╭─ DATA FOR THIS TASK

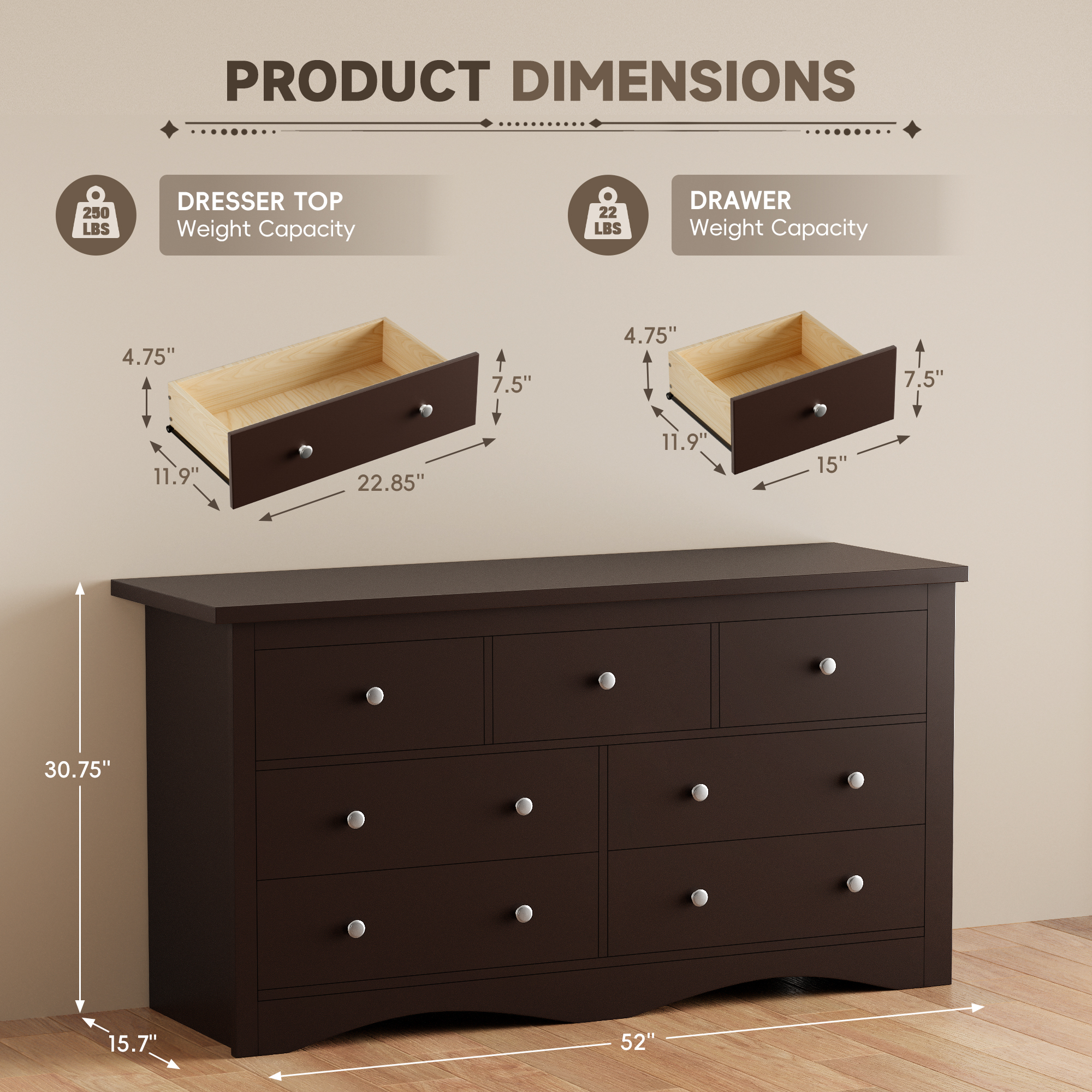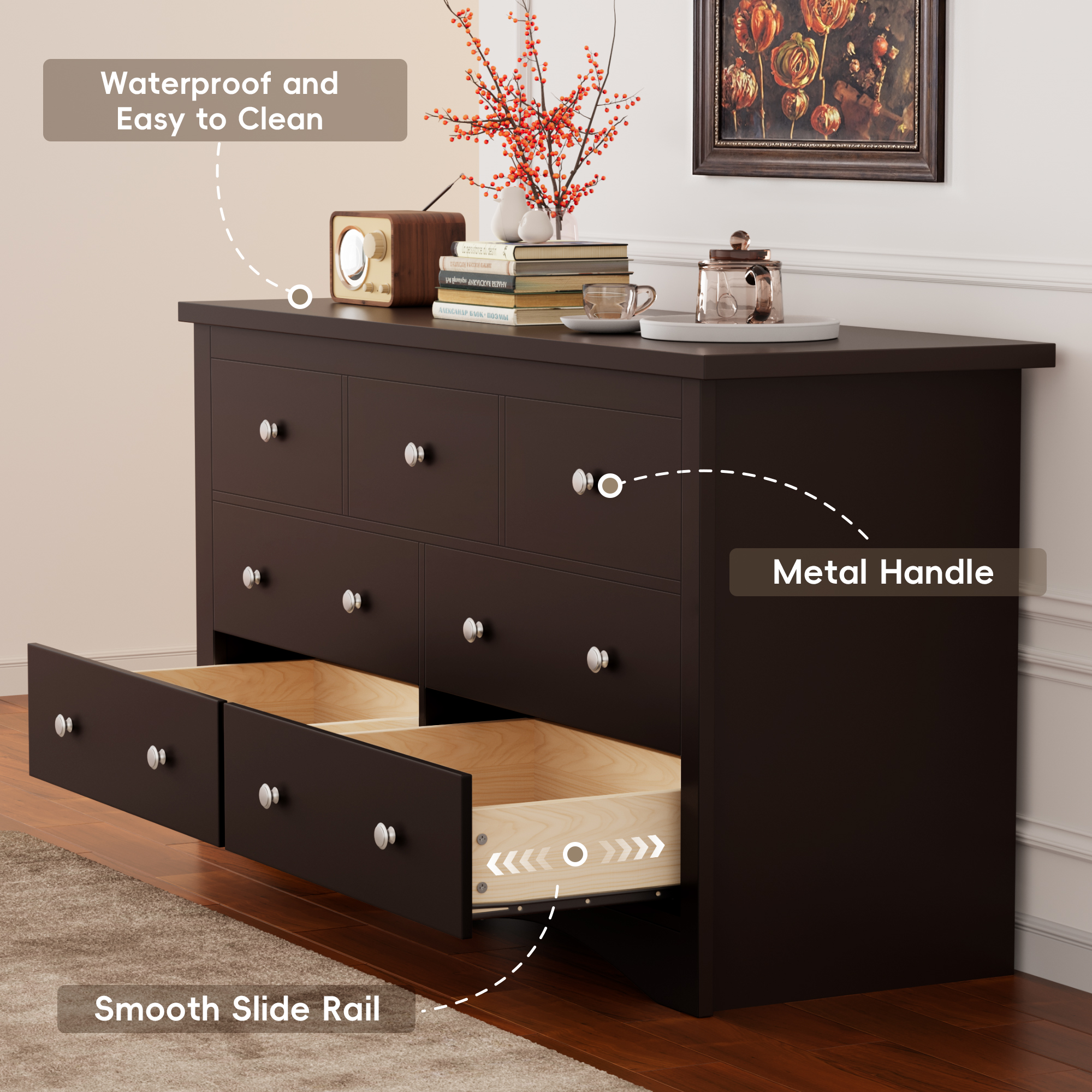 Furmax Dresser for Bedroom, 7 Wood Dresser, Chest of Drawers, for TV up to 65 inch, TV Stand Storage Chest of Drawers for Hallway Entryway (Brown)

╰─
╭─ DATA FOR THIS TASK

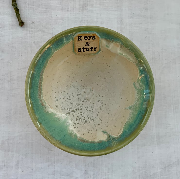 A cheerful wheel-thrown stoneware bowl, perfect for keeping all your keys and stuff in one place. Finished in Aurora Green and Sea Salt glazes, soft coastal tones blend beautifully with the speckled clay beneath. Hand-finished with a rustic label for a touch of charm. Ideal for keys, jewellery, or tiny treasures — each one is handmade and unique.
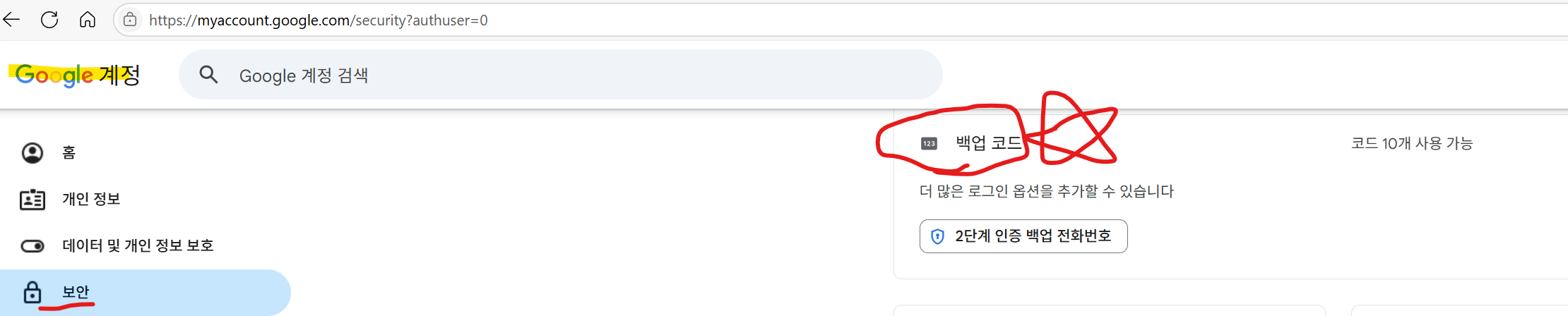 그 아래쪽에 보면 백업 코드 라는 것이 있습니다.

╰─
╭─ DATA FOR THIS TASK

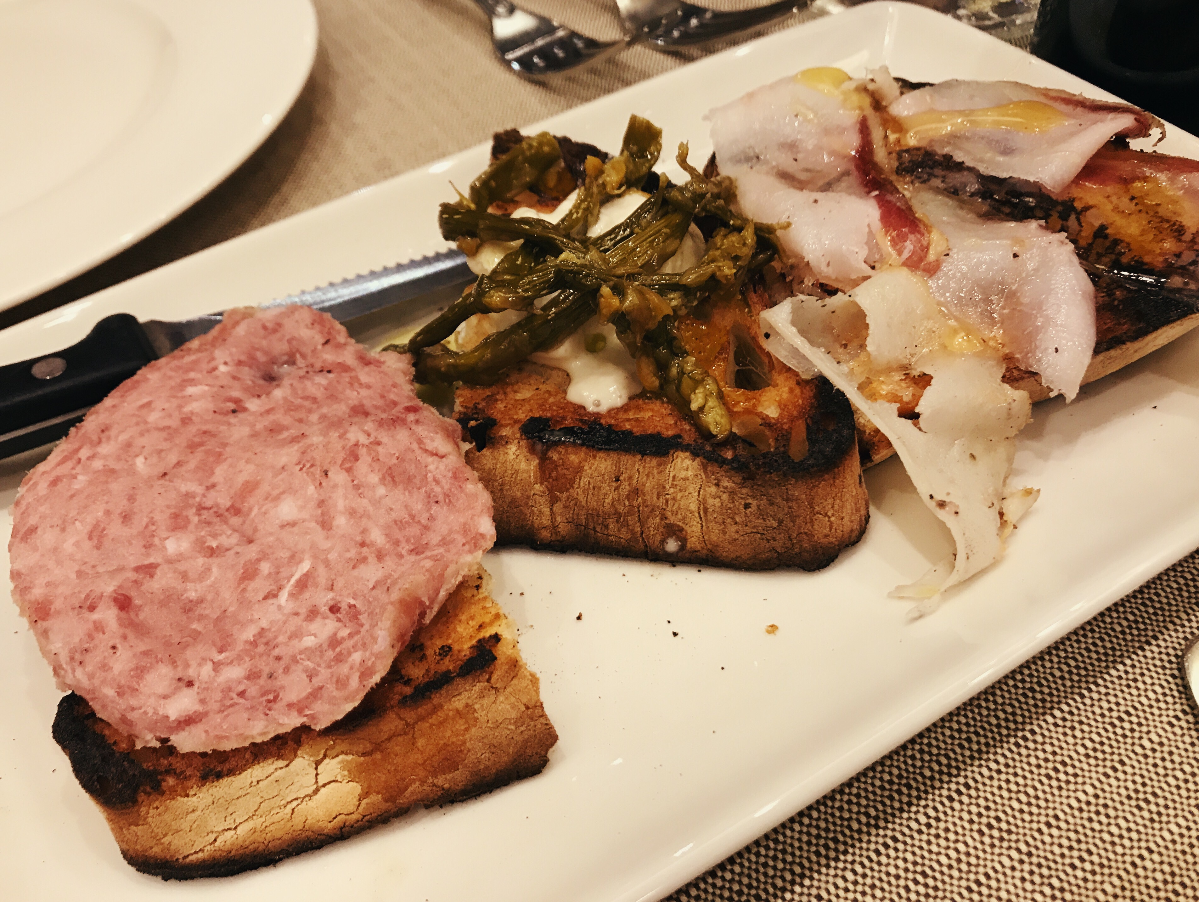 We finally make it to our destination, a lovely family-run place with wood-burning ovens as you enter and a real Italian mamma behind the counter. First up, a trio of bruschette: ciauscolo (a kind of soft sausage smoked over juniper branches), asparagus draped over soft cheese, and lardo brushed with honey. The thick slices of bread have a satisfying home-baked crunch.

╰─

WORK ITEM:
Everything above from the line with "A cheerful wheel-thrown" through the line with "그 아래쪽에 보면 백업 코드 라는 것이 있습니다." should be retyped exactly, and nothing else; omit pictures.

WORKED SOLUTION:
 A cheerful wheel-thrown stoneware bowl, perfect for keeping all your keys and stuff in one place. Finished in Aurora Green and Sea Salt glazes, soft coastal tones blend beautifully with the speckled clay beneath. Hand-finished with a rustic label for a touch of charm. Ideal for keys, jewellery, or tiny treasures — each one is handmade and unique.
 그 아래쪽에 보면 백업 코드 라는 것이 있습니다.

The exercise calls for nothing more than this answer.